[Data items]
=== Begin Enclosure ===
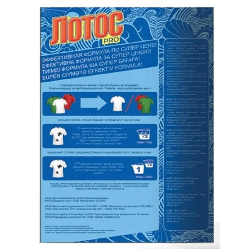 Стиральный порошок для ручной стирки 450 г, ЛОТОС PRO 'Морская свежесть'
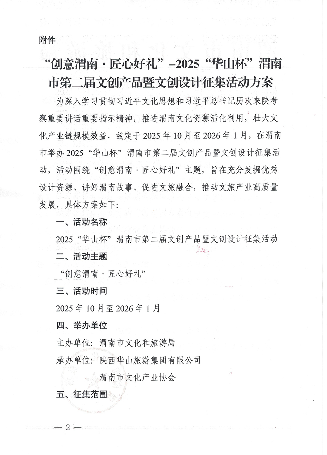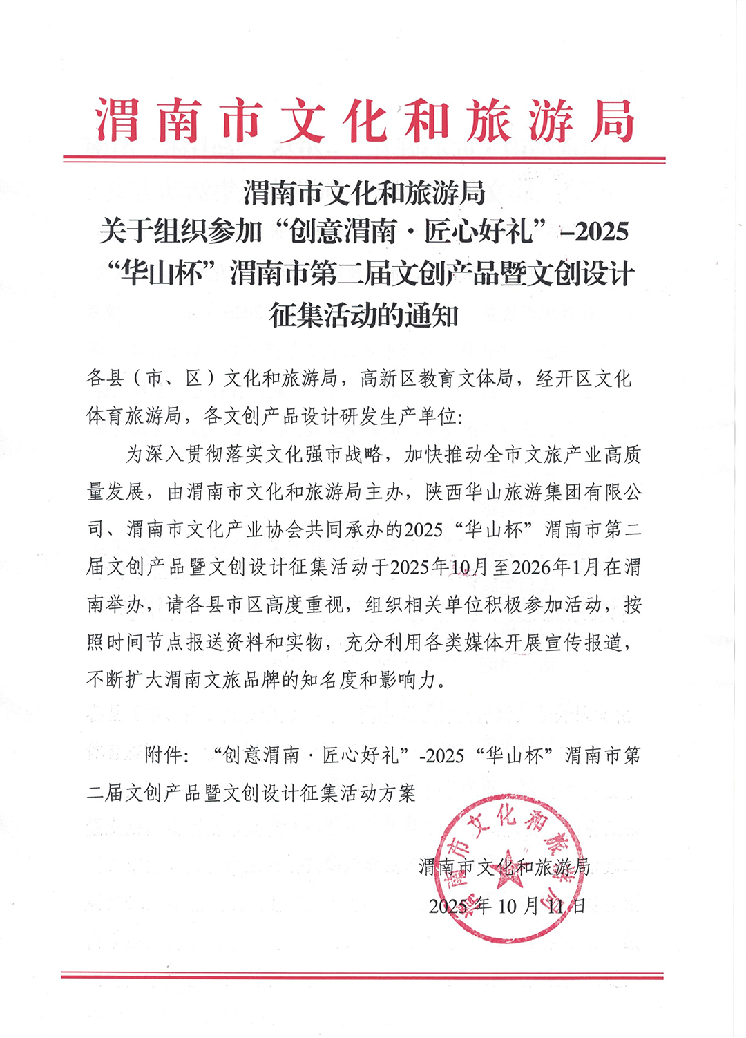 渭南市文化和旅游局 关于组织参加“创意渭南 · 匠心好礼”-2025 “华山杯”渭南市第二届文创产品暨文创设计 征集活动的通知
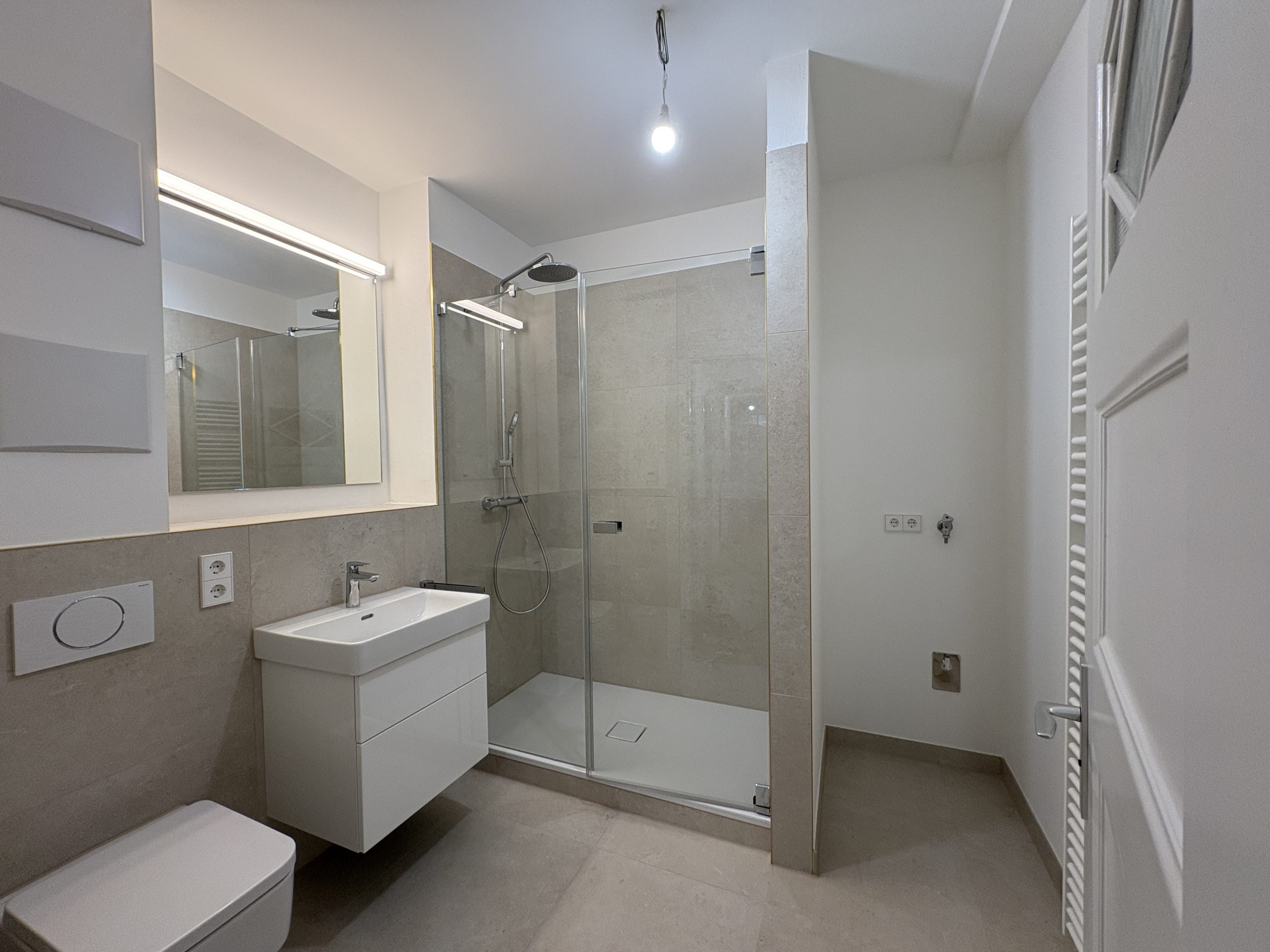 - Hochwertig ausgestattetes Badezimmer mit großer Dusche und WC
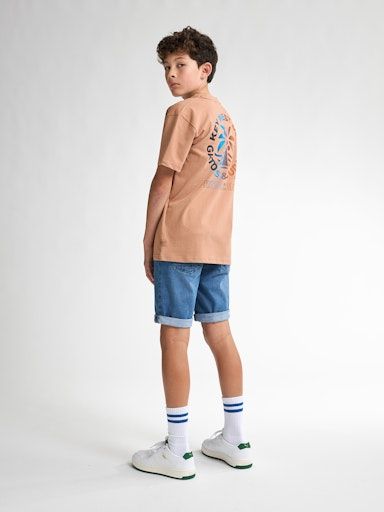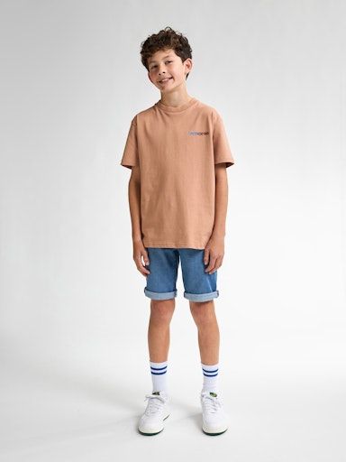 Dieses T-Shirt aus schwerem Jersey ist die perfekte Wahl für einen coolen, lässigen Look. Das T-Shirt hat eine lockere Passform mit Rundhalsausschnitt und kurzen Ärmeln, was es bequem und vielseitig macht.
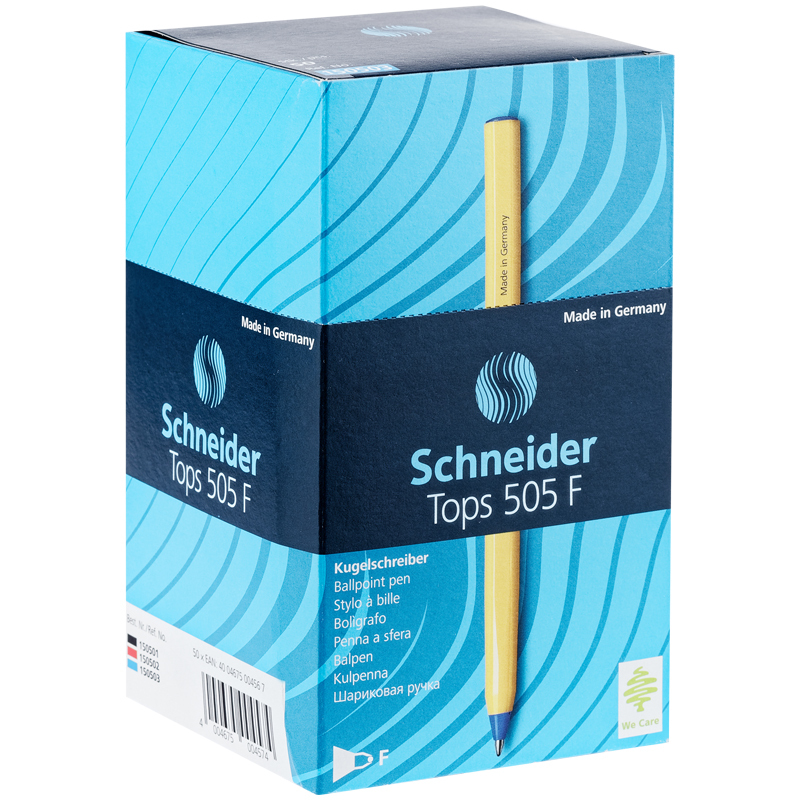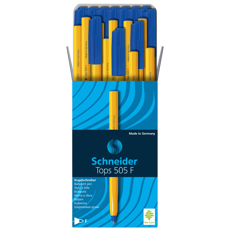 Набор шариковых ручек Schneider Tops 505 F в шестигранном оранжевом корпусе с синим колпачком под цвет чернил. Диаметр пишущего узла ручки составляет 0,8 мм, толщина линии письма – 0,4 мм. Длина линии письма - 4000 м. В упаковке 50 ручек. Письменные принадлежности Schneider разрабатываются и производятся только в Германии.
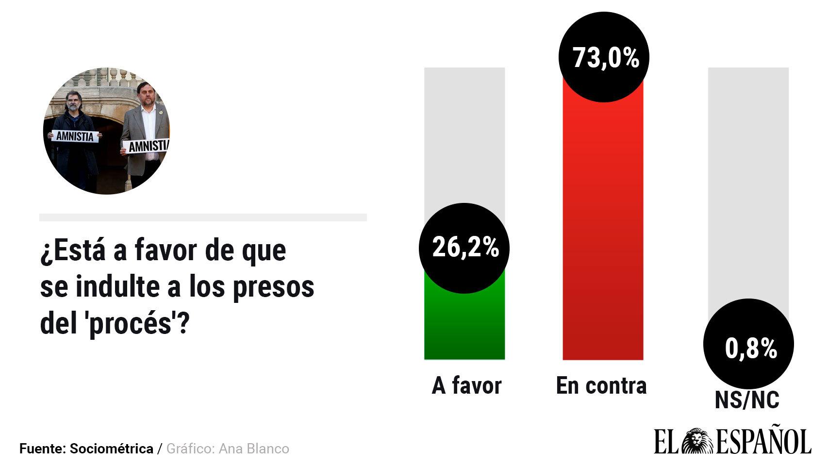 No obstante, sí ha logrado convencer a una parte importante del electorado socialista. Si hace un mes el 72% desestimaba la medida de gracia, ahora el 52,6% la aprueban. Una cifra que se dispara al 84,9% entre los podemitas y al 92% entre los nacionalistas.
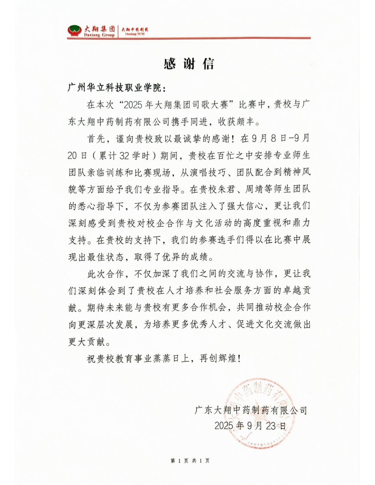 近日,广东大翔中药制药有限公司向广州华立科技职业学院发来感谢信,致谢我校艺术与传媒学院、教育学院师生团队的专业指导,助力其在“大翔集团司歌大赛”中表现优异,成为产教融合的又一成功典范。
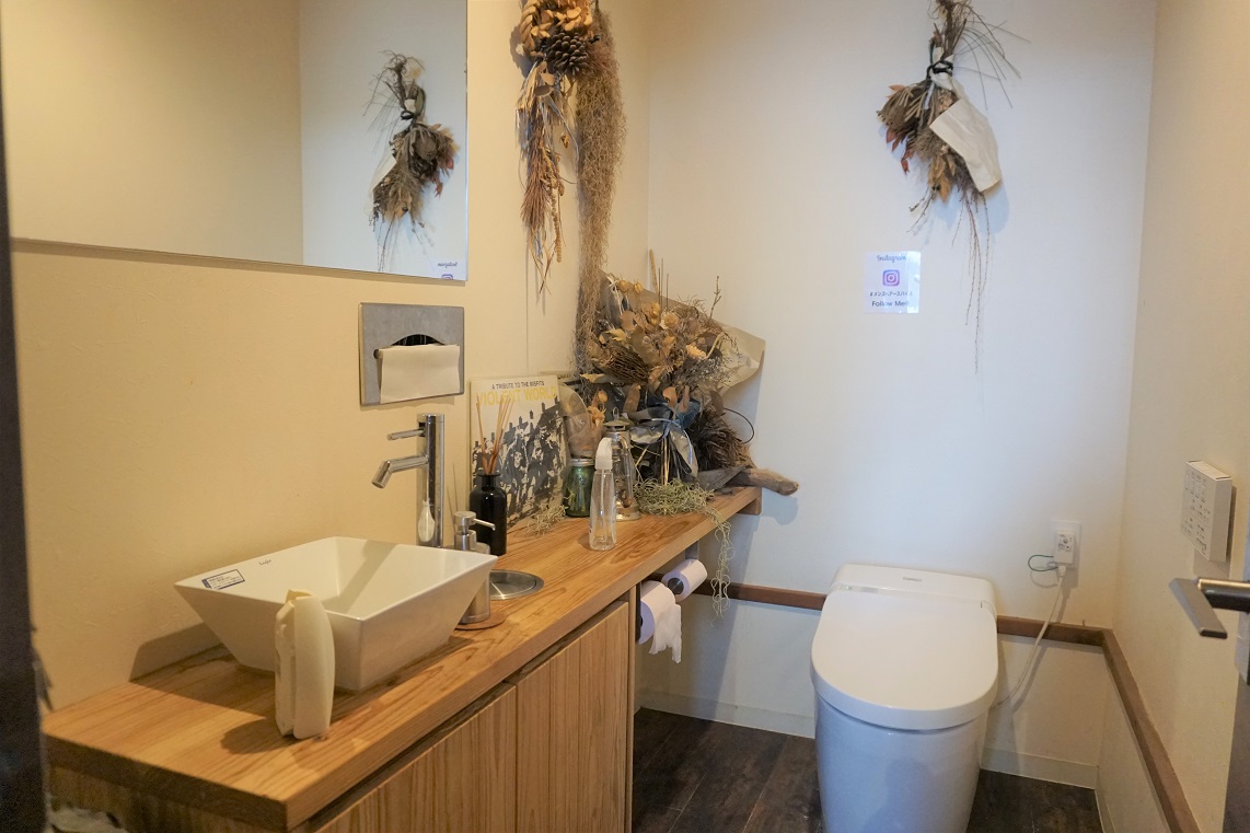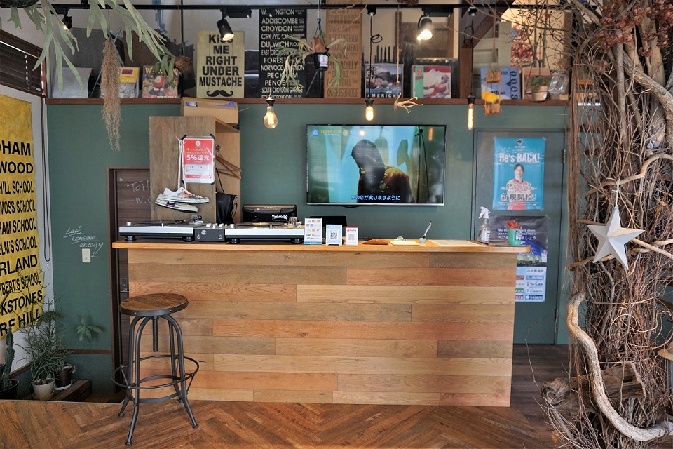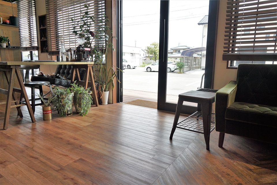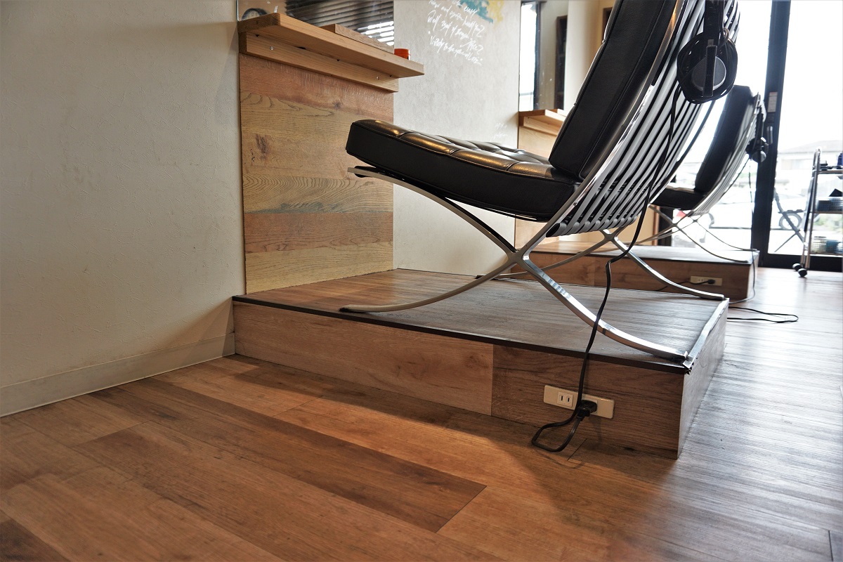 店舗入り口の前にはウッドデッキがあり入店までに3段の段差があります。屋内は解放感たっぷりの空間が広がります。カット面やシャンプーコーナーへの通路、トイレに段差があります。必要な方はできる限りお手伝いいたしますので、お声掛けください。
=== End Enclosure ===
Copy every line exactly, from the opening line of the entries down to the line holding "No obstante, sí", and keep the pictures out.

 Стиральный порошок для ручной стирки 450 г, ЛОТОС PRO 'Морская свежесть'
 渭南市文化和旅游局 关于组织参加“创意渭南 · 匠心好礼”-2025 “华山杯”渭南市第二届文创产品暨文创设计 征集活动的通知
 - Hochwertig ausgestattetes Badezimmer mit großer Dusche und WC
 Dieses T-Shirt aus schwerem Jersey ist die perfekte Wahl für einen coolen, lässigen Look. Das T-Shirt hat eine lockere Passform mit Rundhalsausschnitt und kurzen Ärmeln, was es bequem und vielseitig macht.
 Набор шариковых ручек Schneider Tops 505 F в шестигранном оранжевом корпусе с синим колпачком под цвет чернил. Диаметр пишущего узла ручки составляет 0,8 мм, толщина линии письма – 0,4 мм. Длина линии письма - 4000 м. В упаковке 50 ручек. Письменные принадлежности Schneider разрабатываются и производятся только в Германии.
 No obstante, sí ha logrado convencer a una parte importante del electorado socialista. Si hace un mes el 72% desestimaba la medida de gracia, ahora el 52,6% la aprueban. Una cifra que se dispara al 84,9% entre los podemitas y al 92% entre los nacionalistas.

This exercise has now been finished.